It was determined that the spices added to the samples caused a decrement according to the control samples and the deep-frying method caused an increase according to the oven cooking method of the a* values of the samples at the beginning of the storage period (p < 0.05). Furthermore, it was observed that the a* values of the thyme-added sample groups increased during storage (p < 0.05), suggesting that the antioxidant effect of the thyme additive was responsible for preserving the red color (a* value) of the samples during this period. A study reported that rabbit burgers with turmeric powder stored for seven days had a* values similar to those of burgers with ascorbic acid, and higher than those of the control group [63].
The distinctive yellow color of turmeric is due to the presence of the result of its three main pigments: curcumin, demethoxy curcumin, and bisdemethoxy curcumin [64]. Curcumin, a hydrophobic polyphenol, is the critical coloring agent in turmeric that can be extracted and is valuable as a natural food colorant [65]. In the present study, the highest b* value was recorded among the deep-fried and oven-cooked samples in those containing turmeric at the onset of storage due to its strong yellow color (p < 0.05). A comparable study conducted by Arshad et al. [66] revealed that the b* values in chicken meat samples increased with the addition of turmeric powder. In current study, the highest b* value among the deep-fried and oven-cooked samples was observed in those containing turmeric at the beginning of the storage period, due to its strong yellow color (p < 0.05). Similarly, Arshad et al. [66] revealed that the b* values in chicken meat samples increased with the addition of turmeric powder. While the b* values of the oven-cooked samples at the beginning of the storage period were significantly higher than those of the deep-fried samples (p < 0.05), this effect of the cooking methods disappeared at the end of the storage period. It was determined that the b* value of all samples, except OTU, increased in a statistically significant way with storage (p < 0.05). The interaction effect of CMxF, FxSP, CMxSP, and CMxFxSP on the L*, a*, and b* values of the samples was detected as significant (p < 0.05) (Table 5).

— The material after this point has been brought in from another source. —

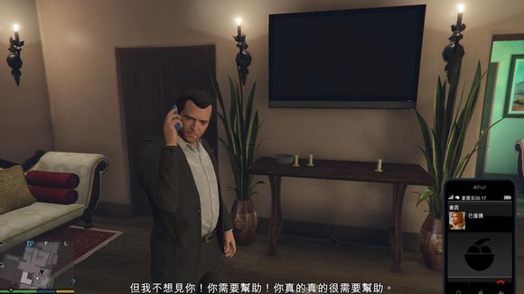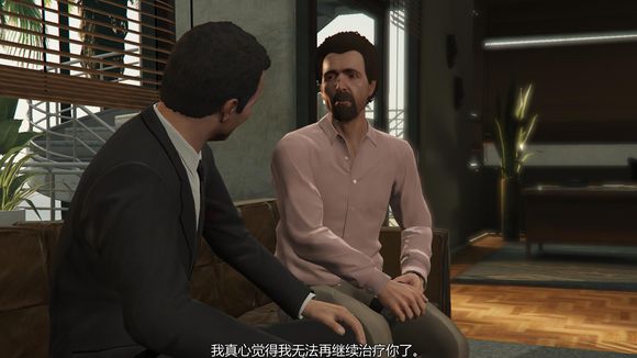 在麦克和家人和好的那个任务中,麦克一家去看心理医生,全程中他没有说一句话,而是淡定的坐在那里。最后对麦克说一句时间快到了

3.6. Texture Profile of Coated Chicken Liver Samples

The texture profile results of gluten-free coated chicken liver samples are given in Table 6. The texture of cooked meat is often associated with heat-induced changes in connective tissue, soluble proteins, and myofibrillar proteins [67]. Ensuring the desired texture in coated products is contingent on the properties of the coating components [59,68,69]. In addition, moisture loss, protein denaturation, starch gelatinization, and the degree of oil hydrogenation during the frying process affect the product texture [70].
In formulations comprising turmeric and thyme, oven-cooked samples demonstrated significantly reduced gumminess values compared to those exhibited by the control sample. The turmeric-added oven-cooked sample at the onset of storage was found to show the lowest gumminess value (p < 0.05).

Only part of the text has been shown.